Photograph of the URUP TBM during receiving on the ground surface

Conclusions

The paper presents a parametric numerical study on tunnel face stability, considering different cover-to-diameter ratio (\({C \mathord{\left/ {\vphantom {C D}} \right. \kern-0pt} D}\)), different shear strength parameters (\(c\) and \(\phi\)), and different distributions of support pressure. The support pressure was reduced stepwise in the FEA until simulation failure occurred. The reduced support pressure at the last step of simulation was adopted as the critical support pressure for collapse failure. Mohr–Coulomb criterion was employed to represent soil plasticity. By comparison between the results, respectively, obtained from small-strain FEA and finite-strain FEA, it can be concluded that small strain is inappropriate for FEA of failure process at tunnel face, owing to the lower (or rather more dangerous) predicted critical support pressure compared to the finite-strain FEA.
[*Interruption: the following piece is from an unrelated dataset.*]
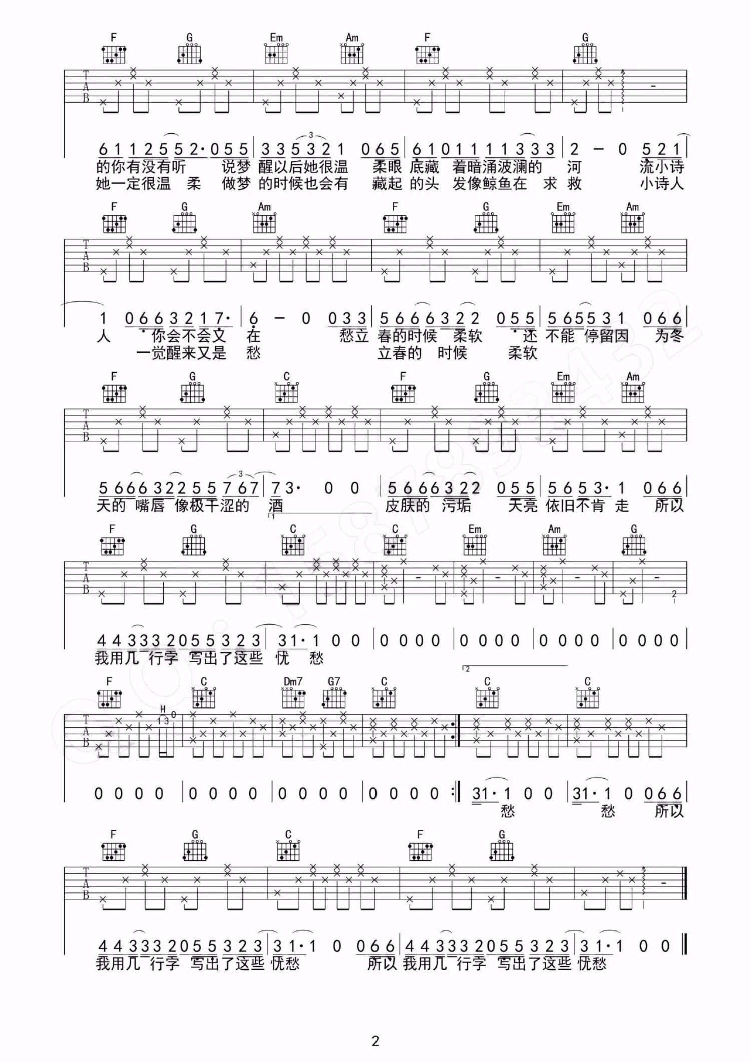当前位置:琴谱网>吉他弹唱>小诗人

According to the FEA results, \(c\) and \(\phi\) have different influences on critical support pressure at collapse. For the cases with \({C \mathord{\left/ {\vphantom {C D}} \right. \kern-0pt} D} > 0\) which are commonly seen in tunnelling activities, the critical support pressure ratio becomes more sensitive to \(\phi\) than \(c\) with the increasing cover-to-diameter ratio. For the cases with \({C \mathord{\left/ {\vphantom {C D}} \right. \kern-0pt} D} = 0\), \(\phi\) has little influence on the critical support pressure ratio when \(\phi > 10^{ \circ }\), while the critical support pressure ratio depends on both \(c\) and \(\phi\) when \(\phi < 10^{ \circ }\). The critical support pressure ratio is not sensitive to support pressure distribution pattern when shear strength of tunnel-heading soil is relatively high, e.g. \(c > 40\) kPa and \(\phi > 40^{ \circ }\). The FEA also revealed that cover-to-diameter ratio has limited influence on normalised critical support pressure (\({{\sigma_{c} } \mathord{\left/ {\vphantom {{\sigma_{c} } {\gamma D}}} \right. \kern-0pt} {\gamma D}}\)) in cohesionless soils when \({C \mathord{\left/ {\vphantom {C D}} \right. \kern-0pt} D} \le 2.0\). Moreover, the normalised critical support pressure \({{\sigma_{c} } \mathord{\left/ {\vphantom {{\sigma_{c} } {\gamma D}}} \right. \kern-0pt} {\gamma D}}\) increases consistently with \({C \mathord{\left/ {\vphantom {C D}} \right. \kern-0pt} D}\) for soil with \(\phi < 10^{ \circ }\), probably attributed to the low level of friction angle which makes the soil deform significantly. Comparison to existing experimental data revealed that the FEA results in this study are reliable for investigating the critical support pressure in natural sandy soils. Critical stability ratio has a positive correlation with cover-to-diameter ratio under certain cohesion (except \(c = 10\) kPa). As for cases with \(c = 10\) kPa, critical stability ratios are evidently smaller than those with other three cohesions (20, 30, and 40 kPa) since local failure with a hemisphere mode occurs at tunnel heading.

A design chart has been developed for determining the critical stability ratio N c based on numerical simulation results. Given that the soil strength parameters and depth-to-diameter ratio of the tunnel are known, the critical support pressure ratio N c can be readily obtained from this design chart by interpolation and extrapolation. The volume loss can then be roughly estimated using the Klar and Klein’s formula. Two case studies are selected as references to validate the applicability of this methodology. Comparison between field measurement data and numerical simulation results reveals that the volume loss, predicted by Klar and Klein’s formula with the input of the critical stability ratio calculated by FEA, shows good agreement with field observation. It should be pointed that the natural properties of the soil are complex and usually not totally independent from each other, which means artificially determined parameters should be carefully examined in constitutive modelling according to the reality. Thus, the design chart should be carefully examined in tunnelling practice and only used in rough evaluation for the volume loss during tunnelling.